Introduction

Head and neck squamous cell carcinoma (HNSCC) is a common cancer in humans and is the fifth most common cancer in the world. It represents approximately 3% of new cancer cases and accounts for 2% of all cancer deaths annually worldwide1. Current treatment strategies for patients with HNSCC involve surgery, chemotherapy, immunotherapy, radiotherapy and so on. However, with such treatments, the survival results of HNSCC patients are still not satisfactory2. This poor prognosis is associated with local invasion and cervical lymph node metastases; additionally, a high rate of chemoresistance and locoregional recurrence has been noted among HNSCC patients3,4. It has been reported that the most important prognostic factor for patients with HNSCC is the clinical stage of disease (TNM stage); however, survival is variable for patients with the same stage, and more prognostic markers are needed5. It is urgent to search for new prognostic biomarkers and therapeutic targets to overcome the low HNSCC survival rates6,7.
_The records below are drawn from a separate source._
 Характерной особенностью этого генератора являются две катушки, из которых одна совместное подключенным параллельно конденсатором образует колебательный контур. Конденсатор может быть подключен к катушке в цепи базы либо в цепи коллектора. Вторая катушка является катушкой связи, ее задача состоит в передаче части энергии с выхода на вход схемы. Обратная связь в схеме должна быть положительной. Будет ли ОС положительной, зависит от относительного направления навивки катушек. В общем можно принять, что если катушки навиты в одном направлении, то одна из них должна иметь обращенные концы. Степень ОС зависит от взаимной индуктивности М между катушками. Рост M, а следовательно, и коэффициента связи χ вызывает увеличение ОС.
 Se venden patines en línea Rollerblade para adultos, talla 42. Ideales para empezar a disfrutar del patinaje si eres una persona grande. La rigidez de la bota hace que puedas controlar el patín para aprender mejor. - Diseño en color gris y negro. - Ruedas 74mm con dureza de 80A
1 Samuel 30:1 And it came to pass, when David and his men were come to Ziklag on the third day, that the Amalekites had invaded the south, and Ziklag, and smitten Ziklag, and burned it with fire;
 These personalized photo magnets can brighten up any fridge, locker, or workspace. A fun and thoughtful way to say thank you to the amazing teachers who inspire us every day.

N6-methyladenosine (m6A) was first reported in 1974, and m6A modification is the most abundant internal modification in eukaryotes8. m6A modification is a reversible process involving m6A regulators, including (“readers”) m6A-binding proteins, (“writers”) adenosine methyltransferases and (“erasers”) m6A demethylating enzymes9. Previous studies have revealed that m6A modification plays key roles in oncogenesis and tumor progression in several kinds of cancers, including lung cancer, breast cancer, acute myeloid leukemia and HNSCC10.
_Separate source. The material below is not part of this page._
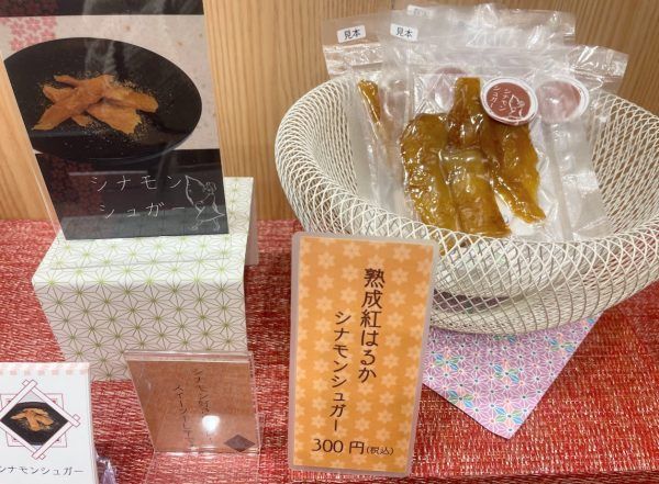 こちらは「熟成紅はるか シナモンシュガー」。黄金に輝く干し芋は300円とリーズナブル!

LncRNAs are RNAs greater than 200 nucleotides (nt) in length that possess many structural features of mRNAs without conserved open reading domains11. Many studies have illustrated that aberrantly expressed lncRNAs have complex and wide-ranging functions in tumors, including HNSCC12,13. While m6A modifications are known to modulate RNAs, including mRNAs, tRNAs, snRNAs and lncRNAs14. Despite the fact that m6A has been implicated in the occurrence and progression of various cancers, m6A RNA modification has not been extensively studied in HNSCC. LncRNA‐activating regulator of DKK1 is stabilized by m6A methylation and promotes cancer progression via forming a ternary complex in HNSCC15. m6A-binding proteins have complex regulatory mechanisms in nasopharyngeal carcinoma although their precise effects were rarely known16,17. Indeed, the precise mechanisms underlying m6A RNA modification in HNSCC are even less well understood. In the future, it is necessary to further clarify the key role of m6A in head and neck tumors, understand the mechanism of tumor occurrence and development comprehensively, and find more effective intervention measures and treatment approaches.
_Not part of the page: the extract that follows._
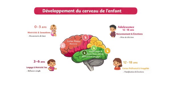 Hippocampe Zone : Partie du lobe temporal médial Fonction : mémoire, apprentissage et navigation spatiale Développement : Naissance–3 ans : formation de souvenirs procéduraux et sensorimoteurs. 3–12 ans : mémoire épisodique et acquisition scolaire. Adolescence : consolidation des souvenirs et apprentissage complexe. Amygdale Zone : Lobe temporal médial Fonction : régulation des émotions, perception de la peur et motivation sociale Développement : Petite enfance : réponses émotionnelles primaires. 6–12 ans : apprentissage émotionnel, empathie et socialisation. Adolescence : sensibilité accrue aux émotions et aux interactions sociales. Aires associatives Zones : Cortex pariétal et temporal associatif Fonction : intégration des informations sensorielles, langage, calcul, raisonnement Développement : 3–12 ans : apprentissage du langage complexe, mathématiques et lecture. Adolescence : pensée critique, métacognition et résolution de problèmes complexe

In this study, RNA sequencing data from the cancer genome map of The Cancer Genome Atlas (TCGA) dataset were used to estimate the effect of m6A-related lncRNAs on the prognosis of HNSCC patients. We constructed a risk signature by selecting twelve m6A-related lncRNAs after Cox univariate analysis and least absolute shrinkage and selection operator (LASSO) Cox regression analysis. Then, the prognostic role of the risk signature in HNSCC patients was analyzed. Moreover, we used the constructed signature to explore the association between the immune microenvironment and m6A-related lncRNAs. Our study aimed to comprehensively assess the correlation of m6A-related lncRNAs with the immune microenvironment, prognosis and therapeutic efficacy in HNSCC patients.

Methods

Patients and samples

The clinical characteristics of enrolled samples were also extracted from the TCGA-HNSCC database. 511 HNSCC patients were enrolled in the study.The collected clinicopathological data included sex, age, TNM classification, survival status, stage and survival outcomes. 310 patients were alive while 201 patients were dead. The number of patients aged ≤ 65 years was 336, 175 patients were > 65 years old. 137 patients were female and 374 patients were male. The number of stage I, II were 102 and the number of stage III, IV were 337, the stage of 72 patients were unknown. The number of grade I, II were 363 and the number of grade III, IV were 125, the grade of 23 patients were unknown. The number of T0, T1, T2 were 190 and the number of T3, T4 were 260, 61 patients were unknown. The number of M0 were 184 and the number of M1 were 1, 326 patients were unknown. The number of N0, N1 were 239 and the number of N2, N3 were 175, 97 patients were unknown.

RNA sequence analysis and m6A-related genes

RNA-sequence (42 normal and 487 tumor) data of 511 patients was extracted from the TCGA-HNSCC database. Differentially expressed lncRNAs between HNSCC and normal tissues were determined by R software (R, A Language and Environment for Statistical Computing, R Core Team, R Foundation for Statistical Computing, Vienna, Austria. 2021, URL http://www.R-project.org, R version 4.0.5). According to previous publications, expression matrixes of 21 m6A-related genes were extracted from the TCGA databases, including expression data on writers (METTL3, METTL14, METTL16, WTAP, VIRMA [KIA1499], RBM15, RBM15B, and ZC3H13), erasers (FTO and ALKBH5) and readers (YTHDC1, YTHDC2, IGF2BP1, IGF2BP2, IGF2BP3, YTHDF1, YTHDF2, YTHDF3, HNRNPC, HNRNPA2B1, and RBMX)18,19.

Immune infiltration analyses

We used the R software package Consensus Cluster Plus (CCP) to perform tumor cluster classification. "CIBERSORT" and "ESTIMATE" R package were used to detect tumor-infiltrating immune cells and compare the level of microenvironment scores between the two clusters. The ESTIMATE algorithm was applied to infer the levels of cell immune responses and estimate the tumor purity in tumor samples between two clusters based on the m6A lncRNA signature20. The algorithm is based on single-sample gene set enrichment analysis (GSEA) and generates three scores: (1) stromal score (the presence of matrix in tumor tissue); (2) estimate score (the inference of tumor purity); and (3) immune score (the infiltration of immune cells in tumor tissue). Furthermore, CIBERSORT was used to assess the immune cellular components and estimate the immune cell composition in the sample21. The immune cellular distributions of each HNSCC sample are presented by the barplot package. The differential proportions of 22 immune cells between two clusters were visualized via the vioplot package in R software.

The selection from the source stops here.